_Data excerpts:_
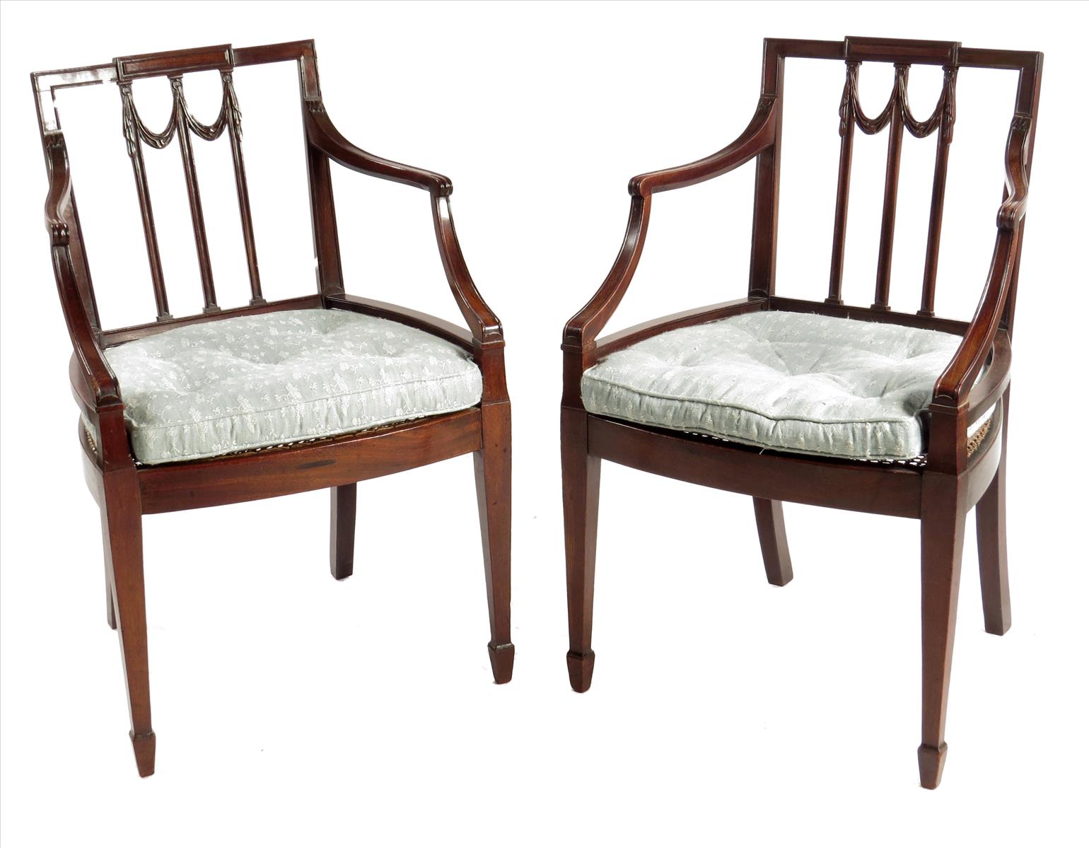 A pair of mahogany open armchairs in Sheraton style, each with a triple bar back draped with swags to a cane seat with squab cushion, late 19th / early 20th century. (2)
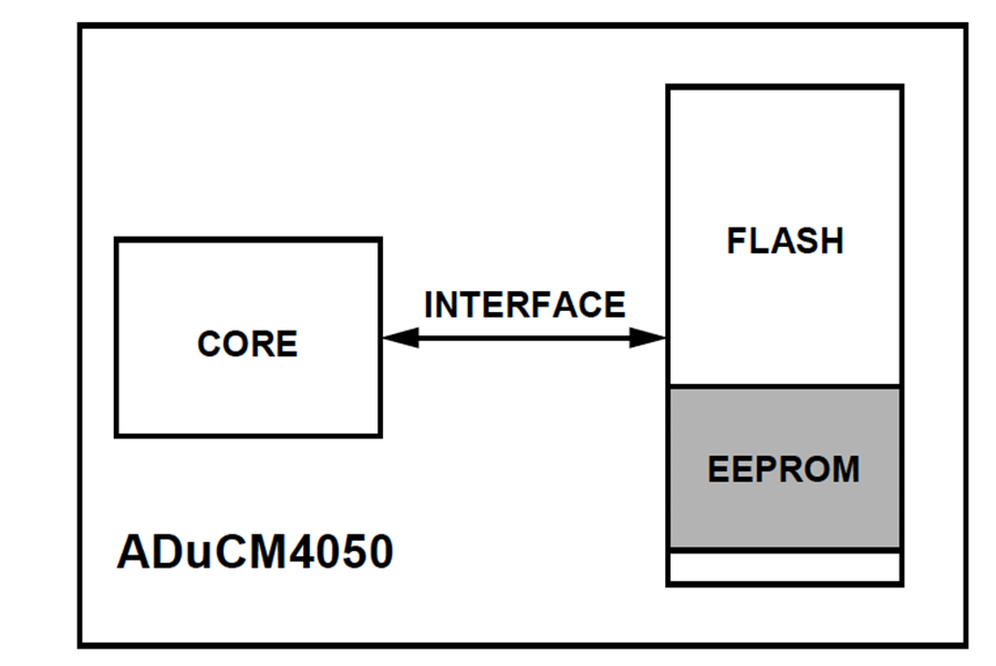 このアプリケーション・ノートでは、図1 に示すように、ADuCM4050 デバイスと内蔵フラッシュ・メモリを使ってEEPROM をエミュレートするソフトウェアについて説明します。
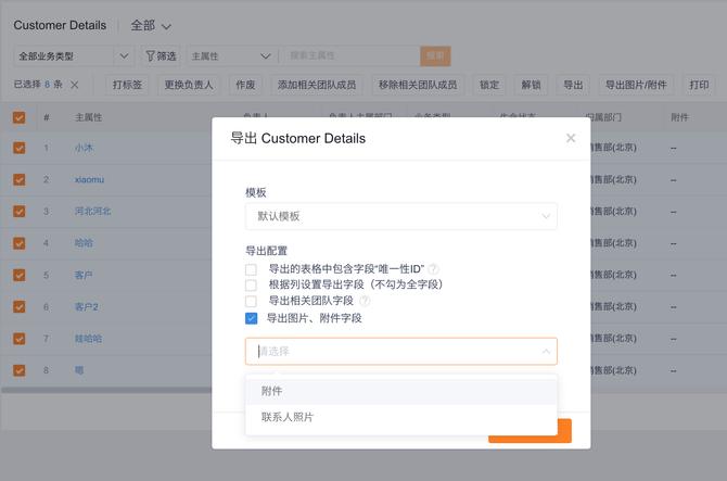 对象在导出时,新增【导出图片、附件字段】配置,并可选择导出哪些字段。当导出为Excel后,默认不勾选,双击即可跳转至本地文件。(图片附件打包到本地,打包的格式为:图片和附件在一个文件夹下)
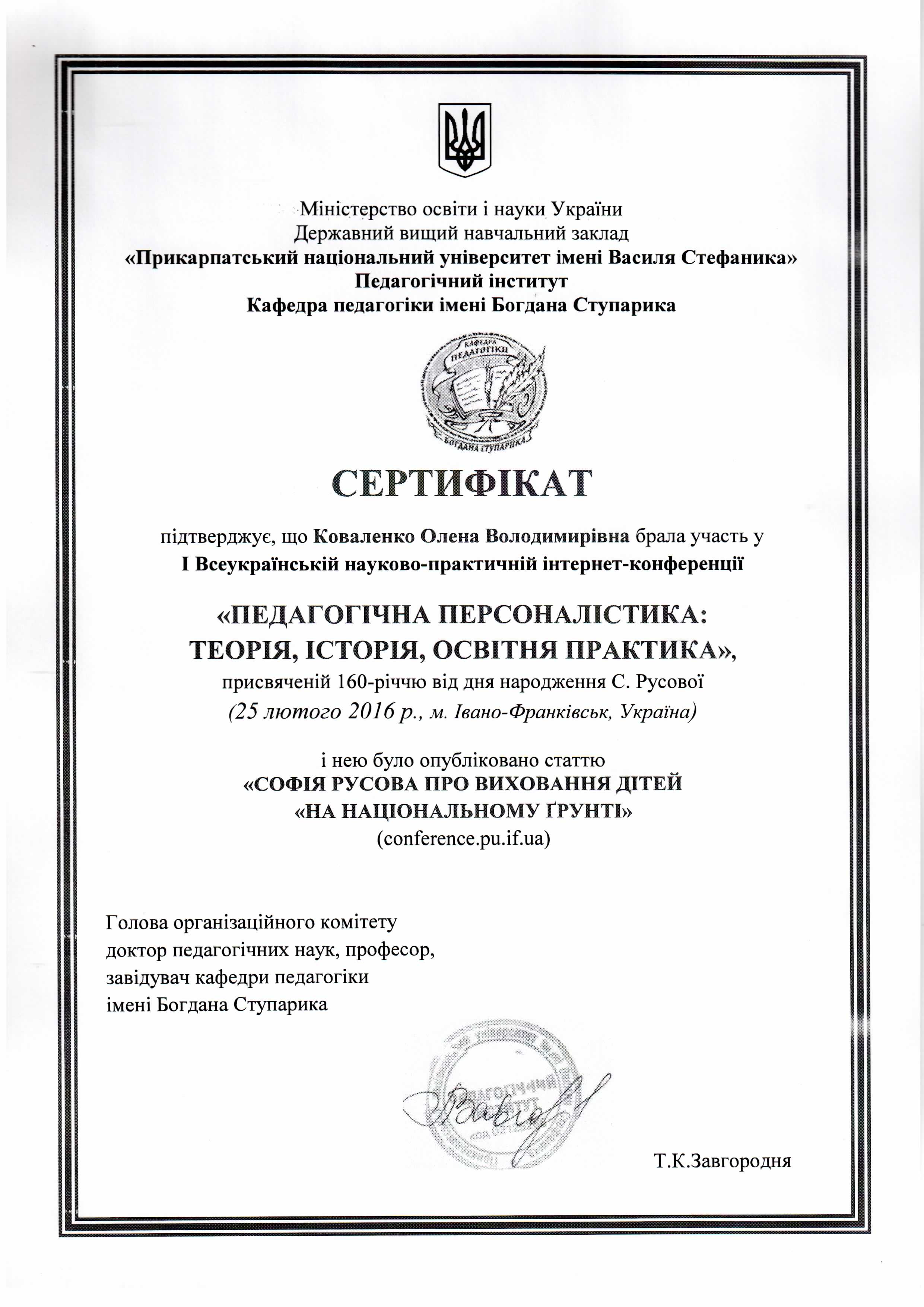 | 269 | ПЕДАГОГІЧНА ПЕРСОНАЛІСТИКА: ТЕОРІЯ, ІСТОРІЯ, ОСВІТНЯ ПРАКТИКА' | СОФІЯ РУСОВА ПРО ВИХОВАННЯ ДІТЕЙ 'НА НАЦІОНАЛЬНОМУ ҐРУНТІ' | Прикарпатський національний університет імені Богдана Ступарика' |
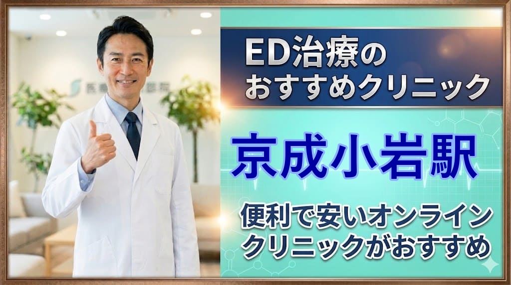 京成小岩駅(江戸川区)周辺でおすすめのED治療クリニック15選!後悔しないED治療クリニックはどこ?【安い泌尿器科】安心して通えるクリニック15選を詳しく紹介。オンライン診療の可否、ED治療薬プラン、価格の安さなどを比較し、ED治療クリニック初心者向けの後悔しない選び方を解説します。京成小岩駅エリアから15院を厳選しています。本記事をご覧頂くだけで、京成小岩駅近隣のおすすめED治療クリニックが全て分かります。 -

_Problem details:_ All lines from the start of the entries above through the line containing "Богдана Ступарика' |" must be transcribed exactly, both ends included, and no picture may be copied.

_Result of the exercise:_
 A pair of mahogany open armchairs in Sheraton style, each with a triple bar back draped with swags to a cane seat with squab cushion, late 19th / early 20th century. (2)
 このアプリケーション・ノートでは、図1 に示すように、ADuCM4050 デバイスと内蔵フラッシュ・メモリを使ってEEPROM をエミュレートするソフトウェアについて説明します。
 对象在导出时,新增【导出图片、附件字段】配置,并可选择导出哪些字段。当导出为Excel后,默认不勾选,双击即可跳转至本地文件。(图片附件打包到本地,打包的格式为:图片和附件在一个文件夹下)
 | 269 | ПЕДАГОГІЧНА ПЕРСОНАЛІСТИКА: ТЕОРІЯ, ІСТОРІЯ, ОСВІТНЯ ПРАКТИКА' | СОФІЯ РУСОВА ПРО ВИХОВАННЯ ДІТЕЙ 'НА НАЦІОНАЛЬНОМУ ҐРУНТІ' | Прикарпатський національний університет імені Богдана Ступарика' |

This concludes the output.